11 Ekim 2008 Cumartesi

Chris Cornell-Tom Morello:The Nightwatchman-One Day As a Lion's-Gavin DeGraw


Chris Cornell
Chris Cornell ile Timbaland arkadaş olursa ne olur? Tabii ki daha popüler olma ihtimali olan işler ortaya çıkar.Ki ben Cornell'i Soundgarden ile de pek dinlemezdim.Ne zaman Auidoslave ilk albümü ile çıktı ve ortayı dağıttı ise o zaman sevdim ve sevgim orada kaldı. Belki "Billie Jean" coverı ile gönlümü biraz aldı ama bu son albümü hiç iyi tınlamadı. Tamam yeniliklere açılmak istiyor olabilir-değişik işler yapıp kendi sınırlarını aşmayı istiyor da olabilir-ama Auidoslave den sonra çıta sürekli düşüyor. Bu albüm satar mı satar. Genç ergen kızların ve erkeklerin odalarına poster asmaya hala ihtiyacı var!



Tom Morello:The Nightwatchman

R.A.T.M ve sonrasında Audioslave ile işler uzun ömürlü olmayınca "Solo" macerasına başlayan Tom Morello ilk albümü ile vasat bir folk rock albümü yapmıştı.İlk albümü "tek kişilik işkence" gibiydi neredeyse-yersiz bir albümdü-birisi ona yüreğinin sesini dinle senden folk star olur Tom demiş sanki o da gaza gelmişti. Ama Bob Dylan belgeseli izlemekle Dylan olunmazdı.Tom hem faka hem boka basmıştı. Bunun nedeni sürekli aynı söylemi (R.A.T.M tipi şarkıları) devam ettirip bunun üstüne daha sıradan şarkılar yazması idi.

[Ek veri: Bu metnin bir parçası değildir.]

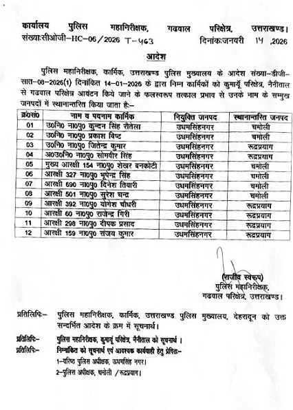 जांच को प्रभावित होने से बचाने के लिए प्रशासन ने एक बड़ा प्रशासनिक फेरबदल भी किया है। इस मामले से जुड़े या संबंधित क्षेत्र में तैनात कुल बारह पुलिस कर्मियों का तत्काल प्रभाव से गढ़वाल रेंज के चमोली और रुद्रप्रयाग जनपदों में स्थानांतरण कर दिया गया है। इन कर्मियों में उपनिरीक्षक, मुख्य आरक्षी और आरक्षी शामिल हैं। यह स्थानांतरण इसलिए किया गया है ताकि स्थानीय स्तर पर जांच की निष्पक्षता पर कोई सवाल न उठ सके।
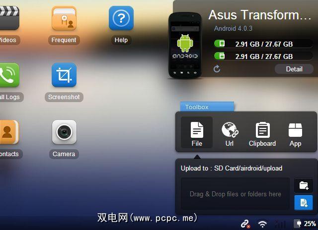 Airdroid屏幕的右侧使您可以访问当前的手机诸如内存使用,电池使用,网络状态等统计信息。您还可以访问剪贴板内容,Web浏览器等。
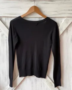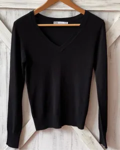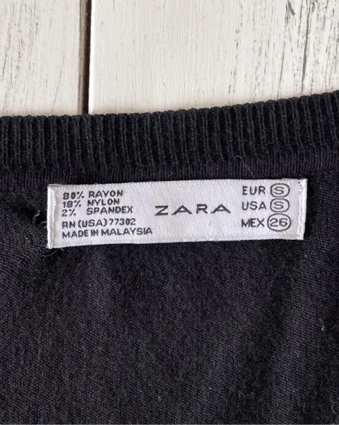 Suéter ligero negro Zara. Talla: S. Medidas: 37 cm de hombros, 38.5 cm de axila y 50.5 cm de largoRayón, nylon y spandex Tiene la etiqueta medio despegada de la esquina superior izquierda
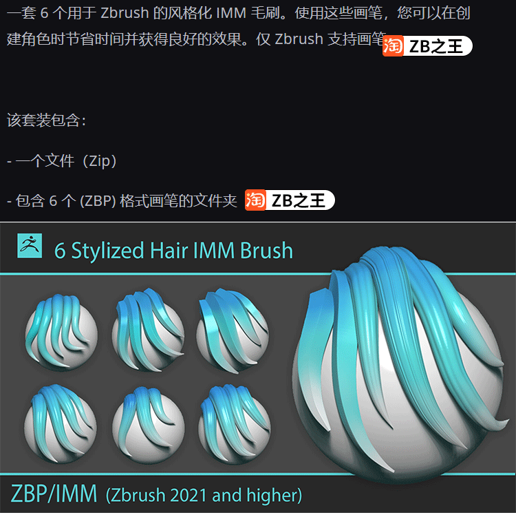 ZBrush笔刷ZB雕刻卡通人物毛发型6款风格化卡通头发IMM笔刷ZBP
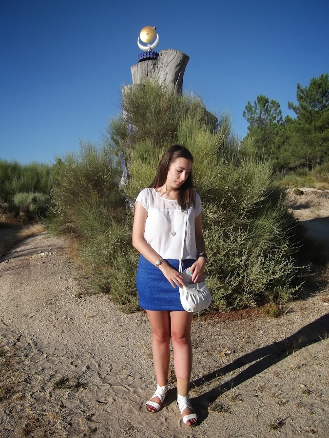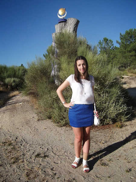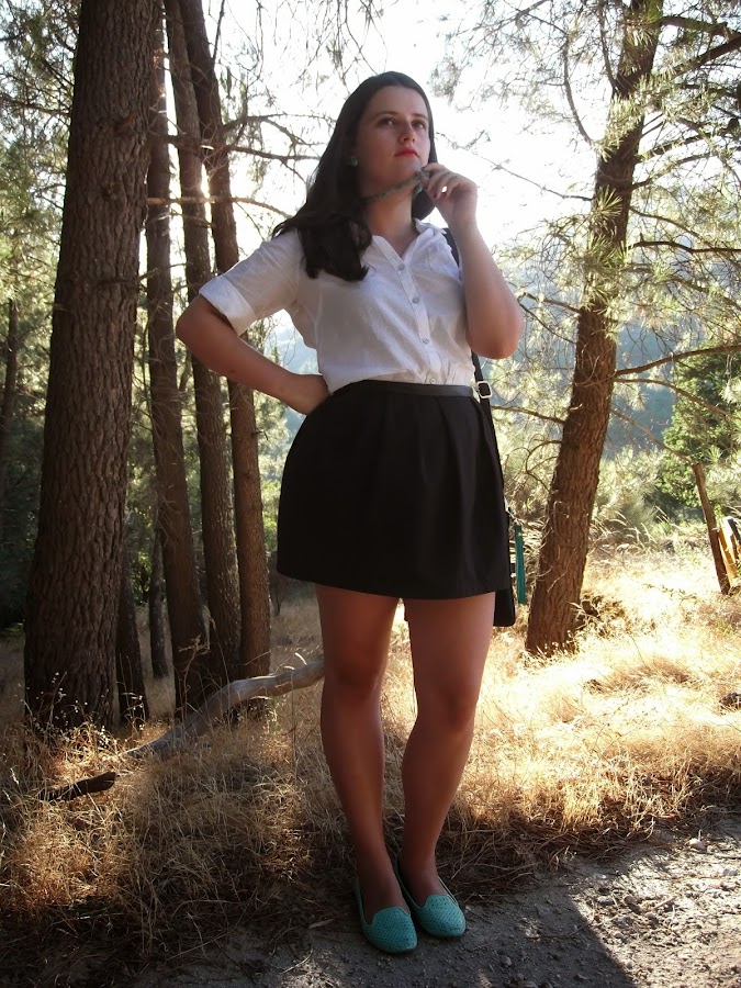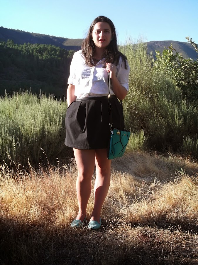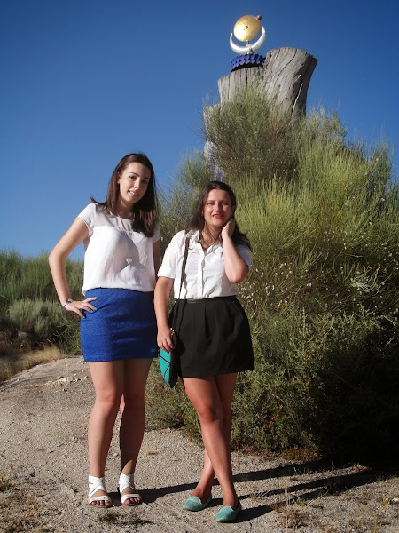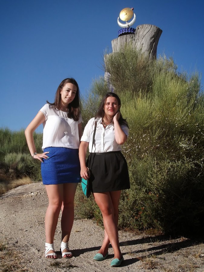 Quisimos combinar falda+camisa, parecen looks iguales, pero son diferentes. Por un lado, su look es una Blue&White sencillo, y por el otro lado, el mío es un Black&White con toques de color verde aguamarina.
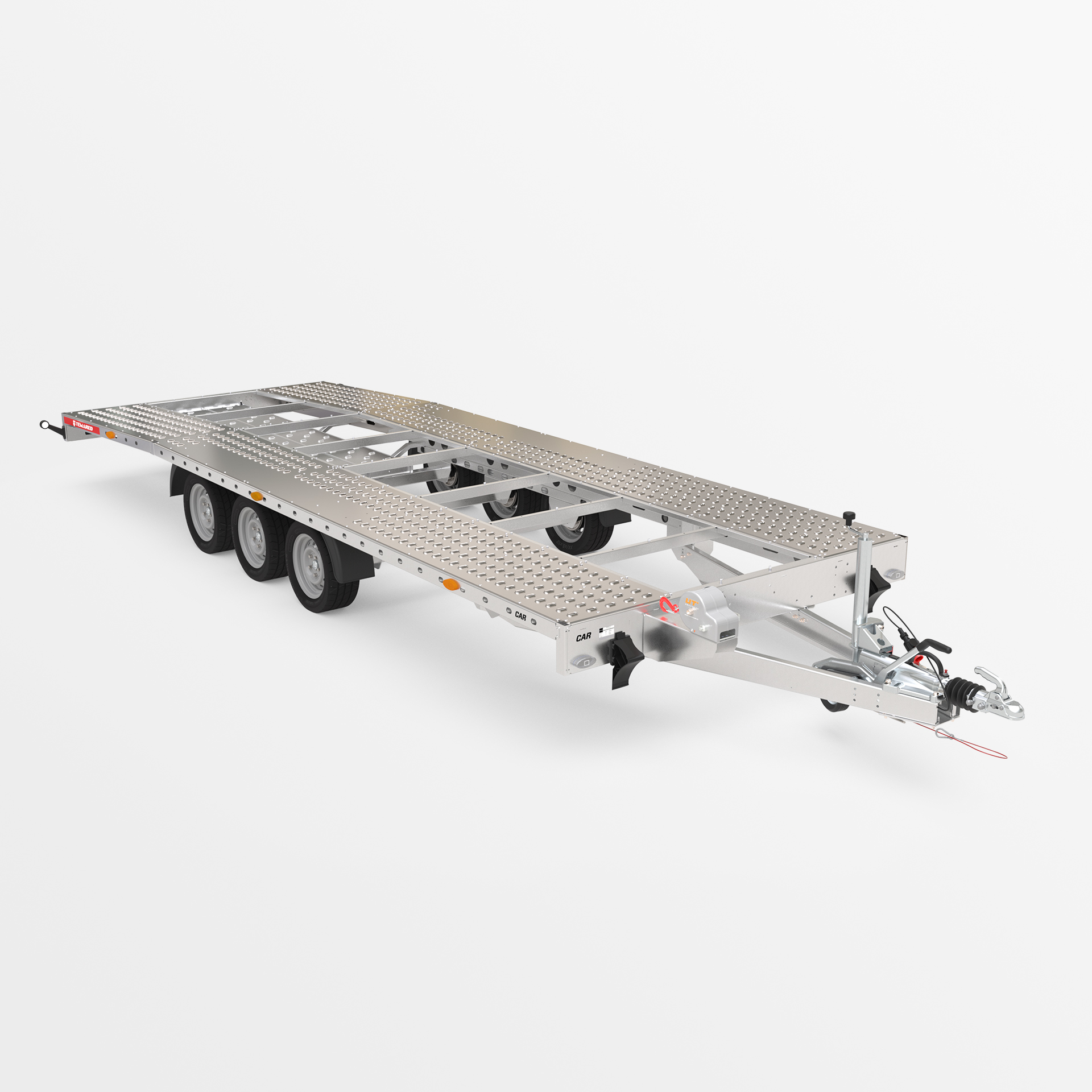 Anhänger für den Fahrzeugtransport mit stabiler, geschweißter Konstruktion. Ausgestattet mit einem automatischen Stützrad, zahlreichen Zurrpunkten, einer Winde zur Erleichterung des Beladens, Stahl-Auffahrrampen und Radkeilen.
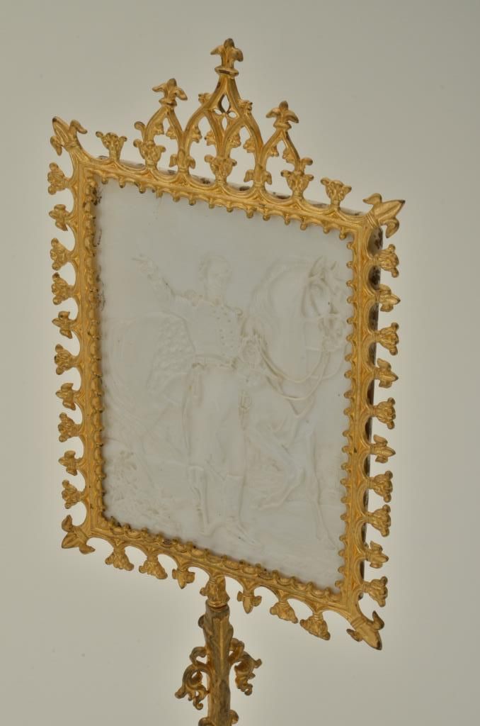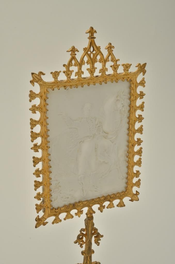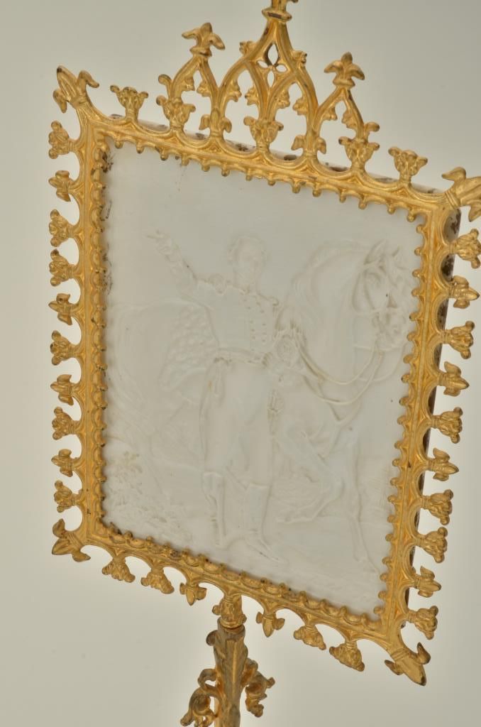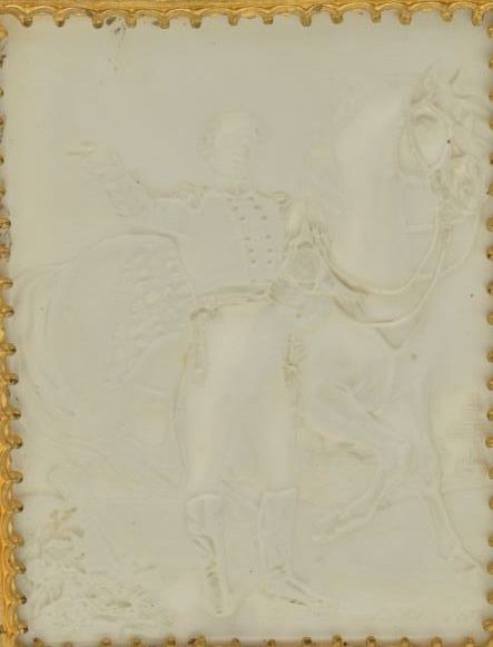 White porcelain Lithopane of General of the Army Winfield Scott with original gold gilded brass two piece fancy stand. The porcelain image measures approximately 7 ½”x 6 ½” The stand measures 19” in height. The image shows a young General Winfield Scott before the Civil War. The condition is fine to excellent. Est.: $300-$600.

Çok iyi bir gitarist olmak ayrı şey-iyi şarkı yazmak-kalbe dokunmak ayrı şey. 2008 tarihli "The Fabled City" albümü bu açıdan ilk albümden daha iyi. Hatta 6 ay önce Serj ile bir barda şarkı söylerken dinlemiştim bunları ve o şarkıyı aramıştım. O şarkı bu albümdenmiş- o zaman ortada yokmuş yani. O parça "Lazarus On Down". Ama o canlı performansta ki ruh yok.(bu parçanın ruhunu kaybetmesi olayının bir benzeri Pinhani'nin "Bir Anda" parçasının da başına gelmişti laf aramızda)Serj etkisi de şarkıda epey törpülenmiş-sanırım öne çıkması pek istenmemiş.İlkine göre daha iyi ama hala iyi olmayan hatta bir an önce bitmesi gereken bir solo proje bu. Bunca yergiye rağmen "The Fabled City" gibi "Whatever It Takes" gibi haydi eller havaya parçaları ve "Lazarus On Down" gibi güzellikler mevcut. Hatta albümün en iyisi "Lazarus On Down". Tom bir Soad şarkısı olan "roulette" yazacak kadar iyi besteci değil ama çok iyi bir gitarist ve bu şarkı da güzel bir şarkı.








Gavin DeGraw

"Follow Through" ile tanımıştım bu elemanı sanırım. Sonra "I don't want to be" de Chris Cornell'i bile hatırladım ucundan. in love with a girl ise sanki bir anadolu rock girişi gibi başlasada eğlenceli bir parça. Fena değil yani dinleyin.
www.myspace.com/gavindegraw

One Day As a Lion's
Zach de la Rocha R.A.T.M(Rage Against the Machine) dan ayrılınca.Solo yapacaktı doğal olarak. Aslında bir grubun dağılması ile genelde solist ayakta kalır genellemesi Rage Against the Machine geçerli olmadı pek. Çünkü çok da matah işler çıkmadı Zach de la Rocha dan. Yani Dead Kennedys dinlerim. Black Flag dinlerim. Yinede Zach de la Rocha ve The Mars Volta'dan ayrılan Jon Theodore 'nin aynı projede buluşması ilgi çekici olabilir diye düşündüm. Çünkü son dönem rock davulcuları arasında çalışından haz aldığım sayılı davulculardandır kendisi. Hatta Lars Ulrich bile son zamanlarda en beğendiğim davulcu diyordu bir yerde kendisi ile ilgili.(Mars voltanın ikinci albüm zamanlarında) Sonuç olarak Rage Against the Machine'nın külleri ne kadar alev etkisi yapar. Çünkü One Day As a Lion's kıvılcım bile çıkaracak güçte değil. Orta halli bir proje grubu. Dinlemekte yinede fayda var.

2 yorum:

dadagu dedi ki...

ratm güzel bir 'şey' olsa da, sürüp gidecek bir 'şey' e benzemiyordu.sürmedi de. morello'yu (müziğini yani) sevemedim pek. cornell o fotoğrafta ne görmüş de şaşırmış olabilir, meraka sardım kendimi.audioslave iyiydi,hoştu, ama bu adamların evelce yaptıkları işleri bilmeyen birisi için "abi şöyle bir grup var al dinle" deyip ve verilecek kıvamdaydı daha ziyade.kendilerini çok yıpratmasalar bari, eski gruplarını dağıtalı beri yaptıkları işler güdük duruyor.

Şehirli Derviş dedi ki...

@dadagu

solo projelerin coğu fason ne yazık ki!